To find evidence of recombination events between ZABYV and other members of the genus Polerovirus, we analyzed the genome sequences of ZABYV and 19 other known poleroviruses using RDP4 [6], which includes seven recombinant detection algorithms: RDP, GENECONV, BoosScan, MaxChi, Chimaera, SiScan, and 3Seq. When aligning the genome sequence of ZABYV with those of BrYV and CpCSV, a very strong recombinant signal was detected in the region spanning nt 3,576-4,966 (Fig. 1B). In this region, the nucleotide sequence of ZABYV was 89.9% and 58.8% identical to those of CpCSV and BrYV, respectively, while in other regions, it was 52.3% and 63.9% identical, respectively (Fig. 1D). This putative recombinant event was identified by all seven algorithms in RDP4. The same signal was found in the same region of the ZABYV, TuYV and CpCSV genome sequences.

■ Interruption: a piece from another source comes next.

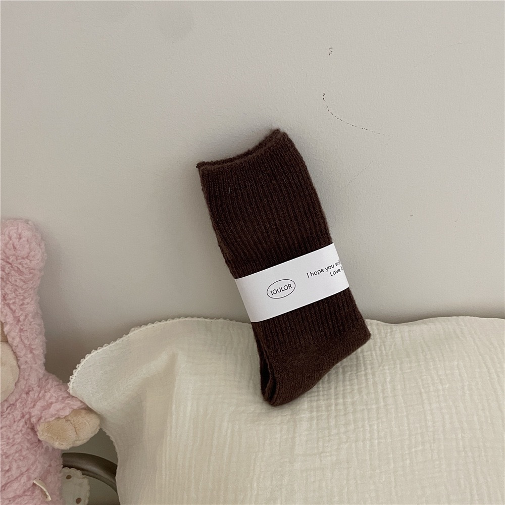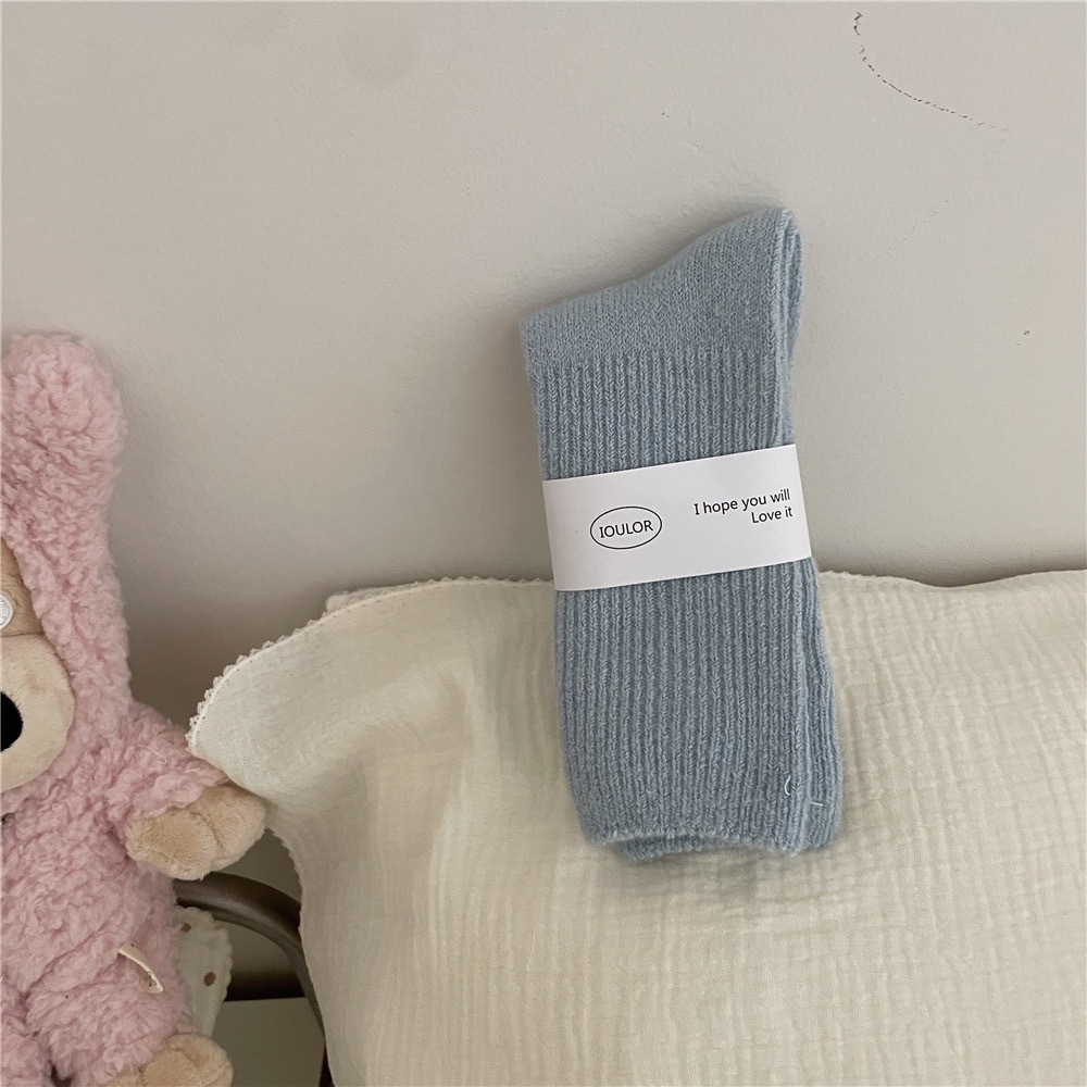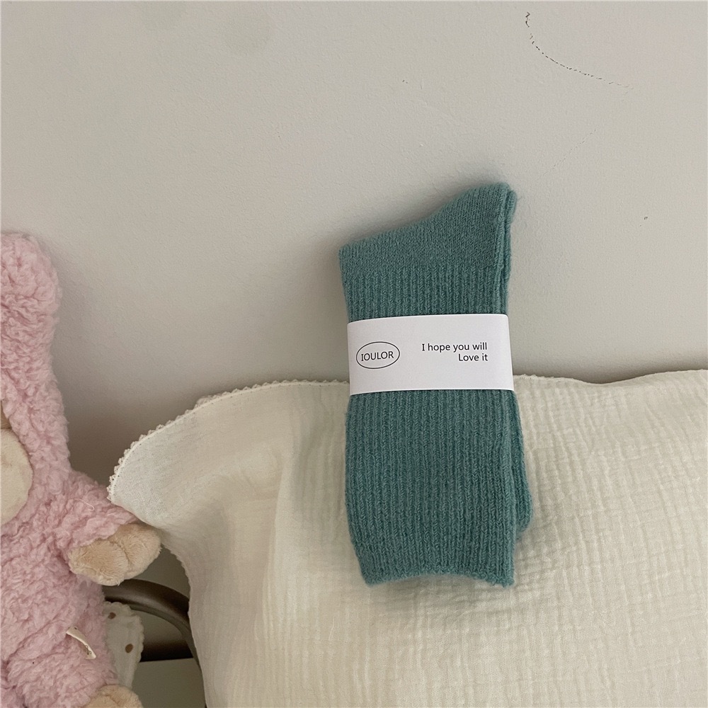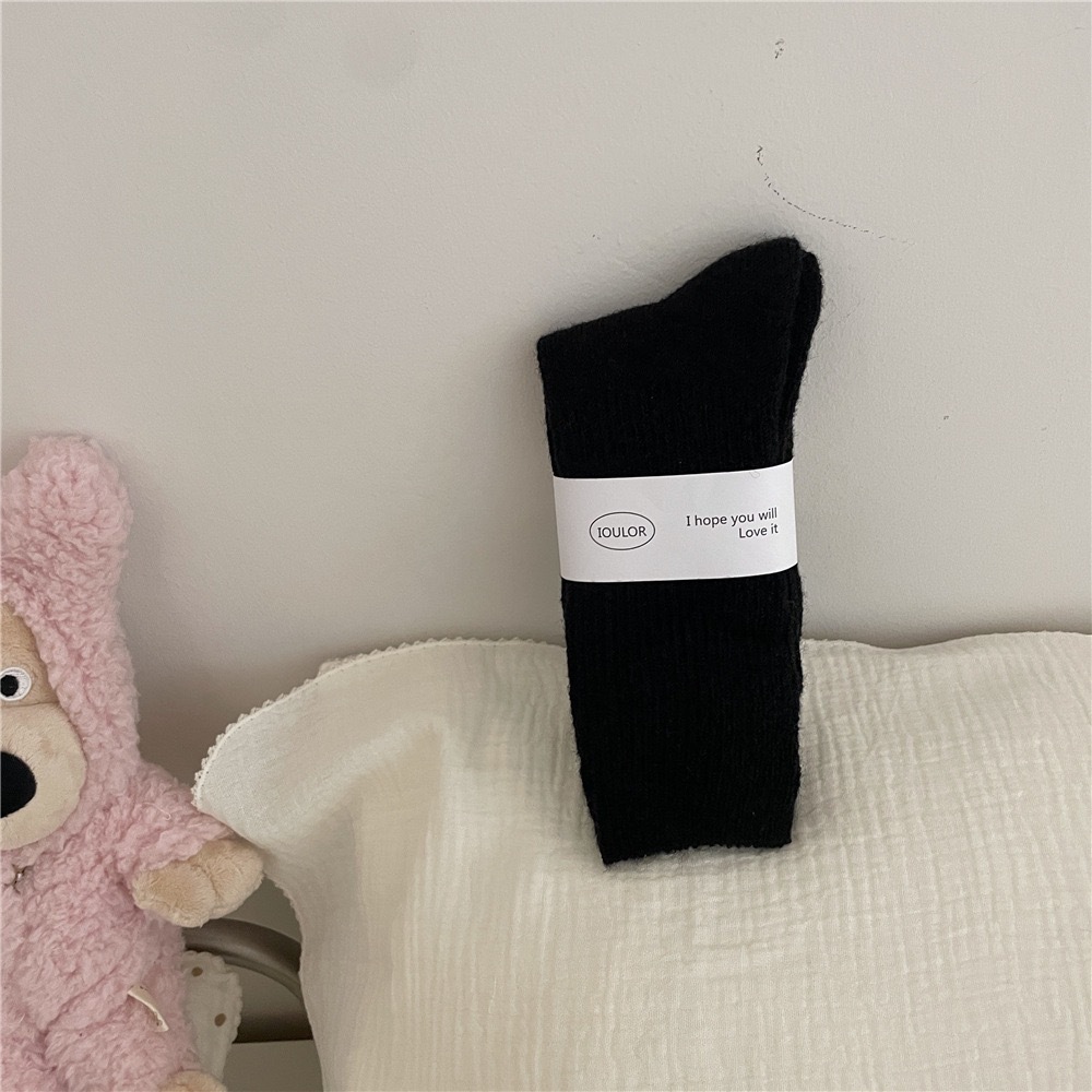 IOULOR 겨울 단색 두꺼운 따뜻한 울 양말 컬러 스택 모든 경기 여성 양말 중간 길이 양말 Sakagiya
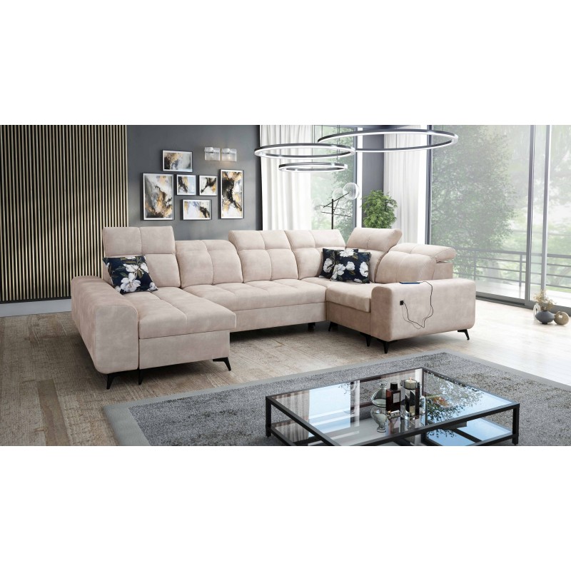 U-förmiges Sofa Ascot IV mit Schlaffunktion, USB-Anschluss und verstellbaren Kopfstützen, Stoff Wave 2

In conclusion, we have identified a new member of the genus Polerovirus, ZABYV, in zucchini grown for seed production in Xinjiang Uygur Autonomous Region, China. The complete genome sequence of ZABYV was determined using high-throughput transcriptome sequencing, overlapping RT-PCR, and RACE. Except for ORF3 and ORF4, all of the ORFs of ZABYV had less than 80% amino acid sequence identity to those of other poleroviruses. Since the amino acid sequences of all gene products of ZABYV differed by more than 10% from those of all known polerovirus, which is a criterion used to demarcate the species of the genus Polerovirus [2], we conclude that ZABYV is a new member of the genus. Based on the results of multiple sequence alignments, phylogenetic analysis, and recombination analysis, ZABYV appears to be a recombinant virus that was possibly derived from CpCSV and another novel virus, which could have a close evolutionary relationship to BrYV and TuYV. In the future, further characterization of ZABYV is needed to understand its biology and its interaction with its host.